Meilensteine sind auch Abschiede

Ich weiß, ich weiß Meilensteine sind großartig. Und ja, ich weiß auch, dass ich froh sein kann, dass dieses einstige hilflose, kleine Bündel selbstständiger wird und mittlerweile eine eigenständige kleine Person, inklusive eigenem (Dick-)Kopf geworden ist. Und das bin ich auch. Aber manchmal möchte ich die Welt anhalten. Manchmal geht es mir einfach zu schnell. In den letzten Wochen ist so viel passiert, dass ich mit dem Verarbeiten gar nicht hinterherkomme. Jetzt entscheidet die kleine Rakete selbst, was er anziehen will, verbessert mich, wenn ich aus Versehen Quatsch erzählt („Nee, Mama, Nei.“) und einen Radlader Bagger genannt habe und lernt so viele Worte, dass er mir ganz genau sagen kann, was er in der Kinderkrippe so getrieben hat.

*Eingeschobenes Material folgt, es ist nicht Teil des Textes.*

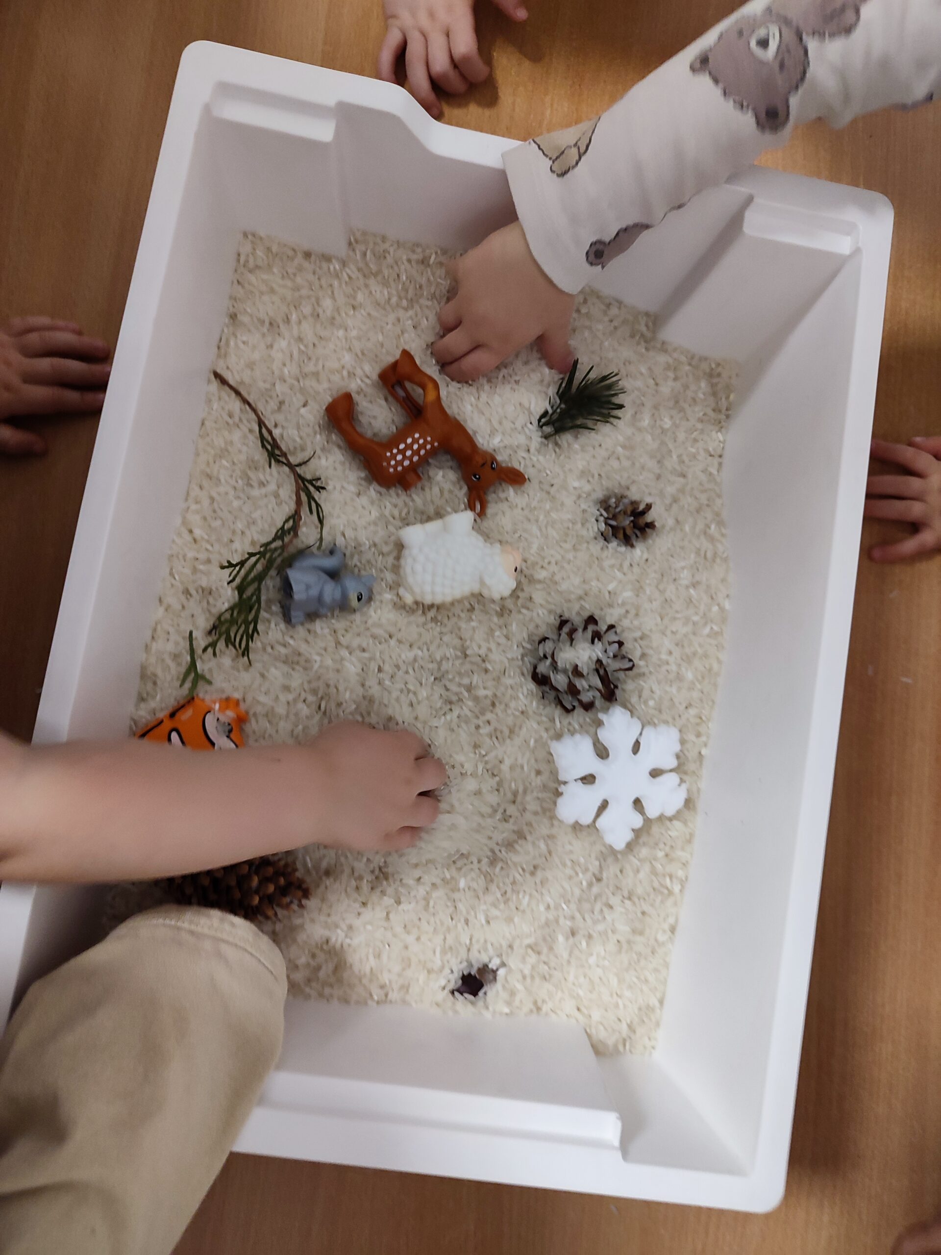 Świętowaliśmy bal karnawałowy z tańcami i zabawami muzycznymi, obchodziliśmy walentynki, ucząc się życzliwości i wyrażania emocji. Korzystaliśmy z zimowej aury podczas zabaw na świeżym powietrzu i na śniegu, rozwijając sprawność ruchową oraz odporność. Odbywały się również zajęcia sensoryczne wspierające rozwój zmysłów, motoryki małej i koordynacji. Cały miesiąc upłynął w atmosferze bezpieczeństwa, radości i wspólnej zabawy.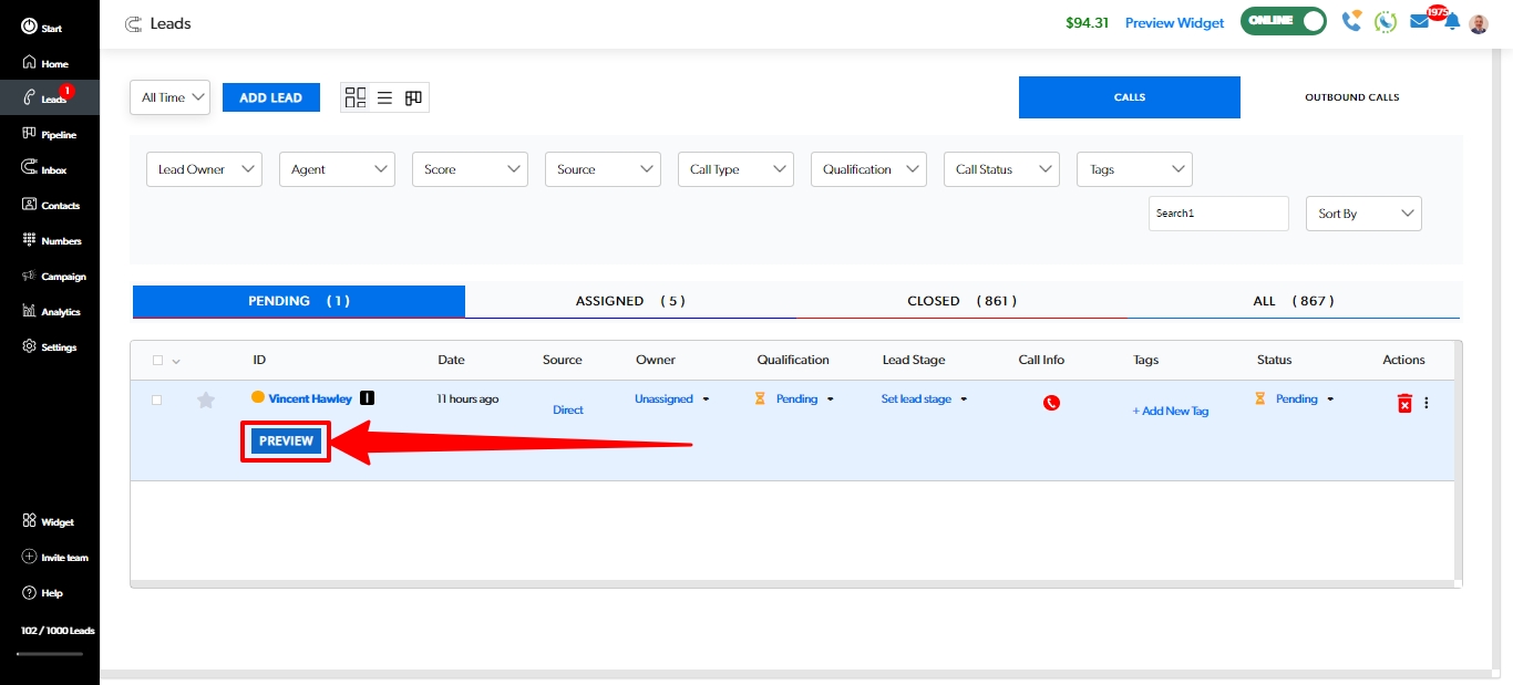 Select "Preview" to view your Lead details
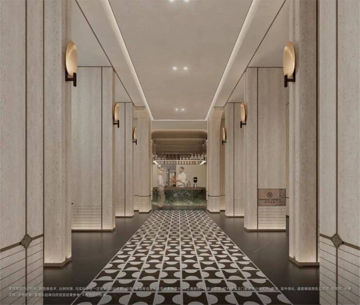 环岛式落客门庭:以宏大空间与沿街展开面,运用石材、金属、奢石、拼花等元素,将海派基因细腻复刻入内里,构筑令人瞩目的城市界面。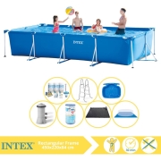 Intex Rectangular Frame Zwembad - Opzetzwembad - 450x220x84 cm - Inclusief Onderhoudspakket, Zwembadpomp, Filter, Grondzeil, Solar Mat, Trap en Voetenbad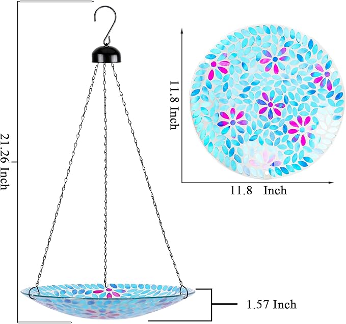 • Easy To Use & Clean: Simply fill the mosaic bowl with water or food, and hang it outdoors to attract birds to enjoy. The mosaic birdbath is easy to clean and store, making it a convenient addition to your outdoor space
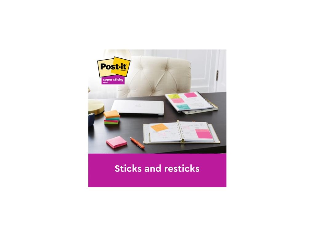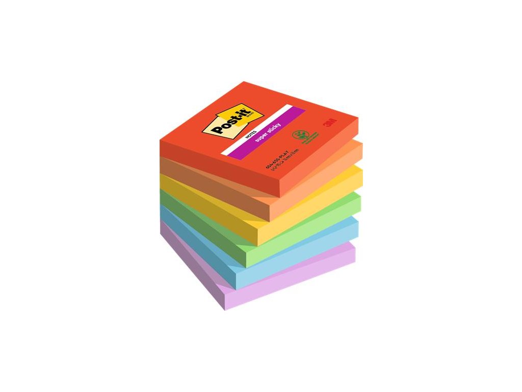 Oproti klasickým samolepiacim bločkom Post-it® poskytuje Post-it® Super Sticky 2x silnejšiu priľnavosť. dokonalé lepenie na zvislé povrchy vhravých a živých farbách s certifikátom PEFC lepidlo z obnoviteľných zdrojov, 60% rastlinného pôvoduDodatočné parametre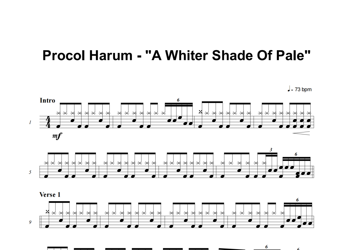 《A Whiter Shade Of Pale》是Procol Harum演唱的一首歌曲,这份架子鼓谱共有三张高清图谱,图谱由 @老虎不说谎 编配上传,图谱使用五线谱编配,使用这份A Whiter Shade Of Pale架子鼓谱,你将能够轻松地敲打出这首Procol Harum的A Whiter Shade Of Pale,快来尝试吧。

Meine kleine Rakete ist – und das muss ich schweren Herzens zugeben – mittlerweile eine mittelgroße kleine Rakete geworden. Das macht mich trotz der vielen Freiheiten, die ich mittlerweile dadurch habe, manchmal einfach melancholisch. Natürlich ist alleine auf die Toilette gehen und zu jeder Zeit Duschen gehen zu können, nach all dem Verzicht, wie ein zweiwöchiger Urlaub. Aber der endgültige Abschied der Babyzeit berührt mich trotzdem hin und wieder.

Und wisst ihr was? Selbst wenn die kleine Rakete 3,80 m werden sollte, wird er immer meine kleine Rakete bleiben. Ich werde ganz sicher lernen mich mit all den erreichten Meilensteinen und Entwicklungen anzufreunden. Aber hin und wieder werde ich ganz bestimmt ein bisschen melancholisch zurückblicken und mir das winzige Bündel ins Gedächtnis rufen, das immer so lecker gerochen und mein Herz von Anfang an mit so viel Liebe gefüllt hat. (Wieviel er gespuckt und geschrien hat, blende ich dabei übrigens gekonnt aus. Im Verdrängen bin ich nämlich viel besser, als im Loslassen.)

Wie sieht es denn bei euch aus? Gibt es hier noch ein paar melancholische Mamas oder hakt ihr diese ganzen Meilensteine einfach immer ganz cool ab und blickt nach vorn? Erzählt doch mal!